III.  The Federal Court Judge’s decision

[18]  The appellant sought judicial review of the IAD’s decision before the Federal Court. The Federal Court Judge rejected the appellant’s contention that an appeal lies to the IAD from a decision to refuse an ARC. He found, however, that the IAD can hear an appeal of a sponsor whose family sponsorship application has been refused. The Federal Court Judge further found that the IAD may grant H&C relief, even if an ARC has been refused (Federal Court Judge’s decision at para. 8).

[19]  Moreover, the Federal Court Judge found that the IAD could not assess an ARC refusal on its merits. Rather, it could only rule on whether the ARC decision was fairly made and whether there were sufficient H&C considerations to override the absence of an ARC. In a footnote, the Federal Court Judge indicated that he had “reservations” about whether the IAD has the authority to decide whether ARC decisions are fairly made but added that this issue “is of no legal consequence in this case.” (Federal Court Judge’s decision at para. 10).

[20]  Finally, the Federal Court Judge determined that there was no error in the IAD’s H&C analysis that warranted intervention and dismissed the appellant’s application for judicial review. He concluded by certifying the question stated above.

IV.  Analysis

A.  Standard of review

[21]  The role of this Court in an appeal from a decision of the Federal Court on an application for judicial review is to “step into the shoes” of the Federal Court (Agraira v. Canada (Public Safety and Emergency Preparedness), 2013 SCC 36, [2013] 2 S.C.R. 559 at paras. 45-47). In cases like these where an administrative body is interpreting its home statute, the standard of review is presumed to be reasonableness (Alberta (Information and Privacy Commissioner) v. Alberta Teachers’ Association, 2011 SCC 61, [2011] 3 S.C.R. 654 at paras. 30 and 34; Edmonton (City) v. Edmonton East (Capilano) Shopping Centres Ltd., 2016 SCC 47, [2016] 2 S.C.R. 293 at para. 22).

B.  Was the IAD’s interpretation of its jurisdiction with respect to an ARC refusal reasonable?

[22]  In interpreting the scope of its jurisdiction, the IAD determined that it did not extend to considering an ARC refusal on its merits.
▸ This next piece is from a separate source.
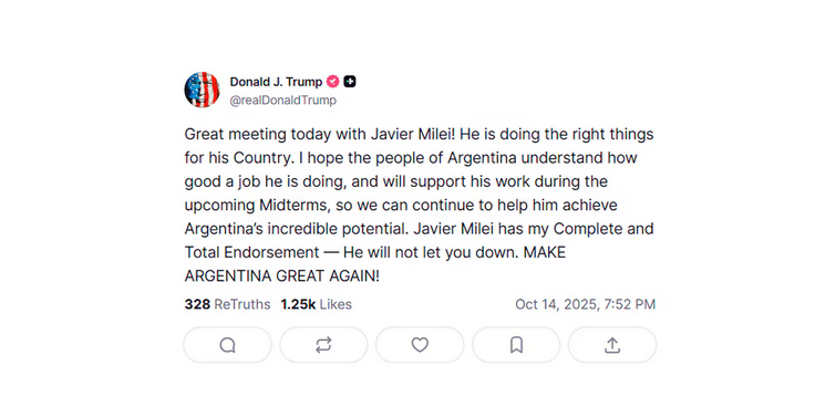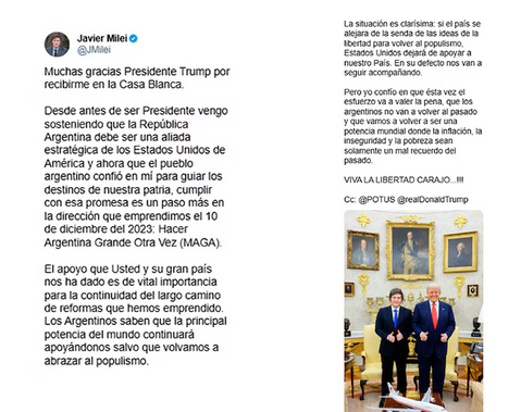 “¡Hoy he tenido una reunión estupenda con Javier Milei! Está haciendo lo correcto por su país. Espero que el pueblo argentino comprenda lo bien que está haciendo su trabajo y le apoye en las próximas elecciones de mitad de mandato, para que podamos seguir ayudándole a alcanzar el increíble potencial de Argentina", dijo el mandatario estadounidense.

However, the IAD accepted that it had jurisdiction to determine “whether the appellant was required to obtain an ARC and whether the decision made by the visa officer regarding the ARC failed to observe a princip[le] of natural justice.” (IAD decision at para. 18).

[23]  In order to consider the reasonableness of the IAD’s decision regarding its jurisdiction, subsections 63(1) and 67(1) of the IRPA are pertinent and read as follows:

Right to appeal — visa refusal of family class

Droit d’appel : visa

63 (1) A person who has filed in the prescribed manner an application to sponsor a foreign national as a member of the family class may appeal to the Immigration Appeal Division against a decision not to issue the foreign national a permanent resident visa.

63 (1) Quiconque a déposé, conformément au règlement, une demande de parrainage au titre du regroupement familial peut interjeter appel du refus de délivrer le visa de résident permanent.

Appeal allowed

Fondement de l’appel

67 (1) To allow an appeal, the Immigration Appeal Division must be satisfied that, at the time that the appeal is disposed of,

67 (1) Il est fait droit à l’appel sur preuve qu’au moment où il en est disposé :

(a) the decision appealed is wrong in law or fact or mixed law and fact;

a) la décision attaquée est erronée en droit, en fait ou en droit et en fait;

(b) a principle of natural justice has not been observed; or

b) il y a eu manquement à un principe de justice naturelle;

(c) other than in the case of an appeal by the Minister, taking into account the best interests of a child directly affected by the decision, sufficient humanitarian and compassionate considerations warrant special relief in light of all the circumstances of the case.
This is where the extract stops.